Earth- Physical, living logic becomes vague, you lose physical contact.

Water- You reassure yourself your mind is still functioning.

Fire- Emotions, you think of some one you loved or hate, something vivid to hang on to.

Air- Openness, love/hate becomes hollow.

Space- Luminosity, you give in.  Oneness, pleasure & pain become the same.  The dualistic struggle of trying to BE something is completely confused by the 2 extreme forces of hope for enlightenment & fear of becoming insane.  When you cease to struggle luminosity presents itself.


7-Karma:  Action or works; the law of cause and effect; is the quality which shows itself in the thoughts, words, and deeds of an individual.  It determines the nature of the individual’s rebirth: good works automatically bring about a good rebirth, bad works a bad one.  So each rebirth is conditioned by the karma of the previous life.  This is the moral order of the world, from which no one can escape.


8-Dharma:  Not only moral law but also the physical laws ruling the universe; indeed it also denotes the individual parts which make it up.  Examples of these dharmas are the four elements of earth, water, fire, and air; the colours and sounds; organic life; the senses, emotions, impulses of the will, the power of reasoning, consciousness, ignorance; fame beauty, riches, true and false teachings; sexuality, sleep, hunger, illness; growing, aging and dying.

            It is impossible to classify these dharmas in any systematic way.  The main point is that the physical world and everything in it results from working together of these separate components.  So while it seems that the human being is an independent unit, this is only an illusion.  The person is actually a flowing stream of dharma, which continually changes and which after death rearranges itself to form a new individual.

            Thus the teaching of Buddha does not recognize the Hindu idea of the self (atman) which remains constant through the cycle of rebirths.  It is fair to ask whether the one who has died and the one who has been reborn on the basis of his karma are not in fact two different beings.  In one sense this is true, for there is no immortal “soul” to link the two.  Yet at the same time, the new incarnation is inseparably bound by the karma it inherits, and which it will now express.  Eerdmans’ p. 230-231.

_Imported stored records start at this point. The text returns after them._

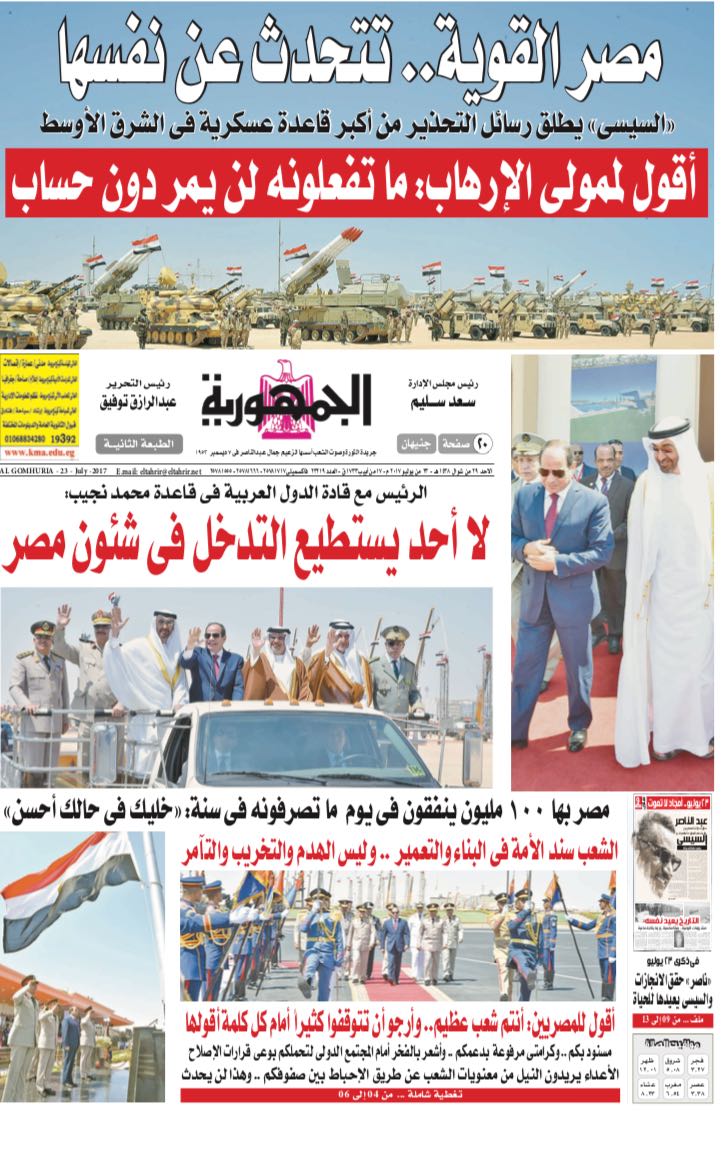 تقرأ غدا في جريدة الجمهورية في عددها الصادر صباح الأحد 23 يونيو 2017 العديد من الموضوعات الهامة في المجالات السياسية والاقتصادية والفنية والرياضية والقضائية والعالمية.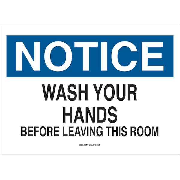 Notice Sign, Sign Subject Matter Wash Hands, Height 7 In., Width 10 In., Sign Material Plastic, Sign Mounting Style With Mounting Holes, Header Notice, Legend Wash Your Hands Before Leaving This Room, Printed Language English, Sign Shape Rectangle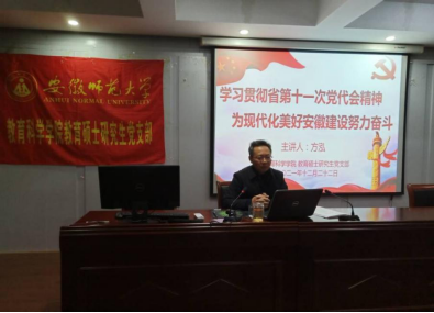 12月22日下午,院党委书记方泓在教科院313学术交流中心以“学习贯彻省第十一次党代会精神,为现代化美好安徽建设努力奋斗”为主题的专题党课,教育硕士研究生党支部书记、支委成员、党员以及预备党员认真聆听,共同参与学习。
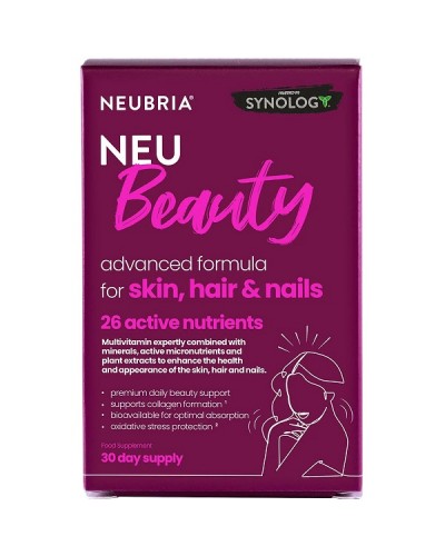 Το Neu Beauty της Neubria είναι ένα συμπλήρωμα διατροφής για την καθημερινή υποστήριξη της ομορφιάς, που προσφέρει θρεπτικά συστατικά με αποδεδειγμένα οφέλη στα μαλλιά, το δέρμα και τα νύχια. Η προηγμένη του φόρμουλα περιλαμβάνει βιταμίνες, ιχνοστοιχεία, κυστεΐνη, κολλαγόνο και το μονα..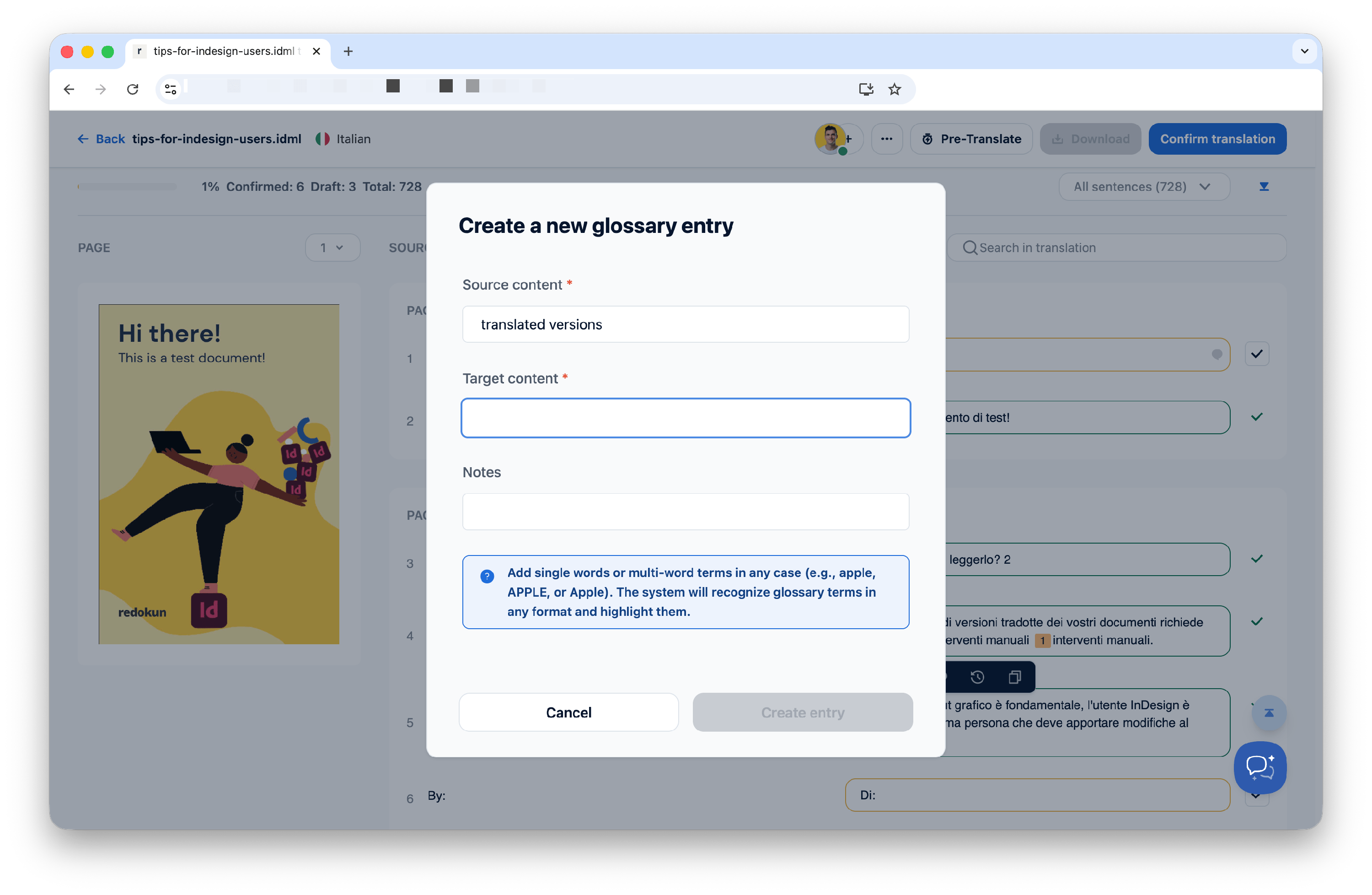 Your new term is immediately added to the Glossary and highlighted across all documents for that language pair.

9-Illusion is the belief that things remain the same. You can't step in the same river twice, for it is not the same river, nor are you the same person.  Each moment that passes changes us, cells die, are shed, new cells divide replenish, bacteria lives & dies inside us, blood constantly pumps through our harts, air molecules are breathed in an out.  You are grumpy when you awake in the morning, but happy when you reach work, hungry before lunch, satisfied after, tired at night.  Each moment is born & dies; we go through many changes.  Our perceptions of reality die as we progress down the Path and new ones are born in their place, we constantly die & are reborn each moment, some are more momentous than others.  Awakening is a great rebirth.



Eerdmans, Willam B., editor.  Eerdmans’ Handbook to the World’s Religions.  Lion Publishing, 1982.


Fremantle, Francesca & Chogyam Trungpa, translators.  The Tibetan Book of the Dead.  Shambhala Publications, Inc., 1992.


Jou, Tsung Hwa.  The Tao of Tai Chi Chuan: Way to Rejuvenation.  Warwick, N.Y., Tai Chi Foundation, 5th printing, 1988.


Maybury-Lewis, David.  Millennium: Tribal Wisdom and the Modern World.  Viking Penguin, 1992.

Video (10 hours)

Millennium: Tribal Wisdom and the Modern World.  PBS, Co-Production of Binman Production Ltd., Adrrian Malone Productions, Inc.  KCET, Los Angeles & BBC TV.  In association with the Global Television Network & Telefilm Canada, 1992.


*The opening paragraphs on quantum experiments, the Australian Aborigines, Navajo, Gabra & Huichol are mostly the words of David Maybury-Lewis.  I have done this to boil down 10 hours of videotape & 397 pages to put certain concepts straight in my own mind.  This is not meant to ever be published as an academic paper in this form.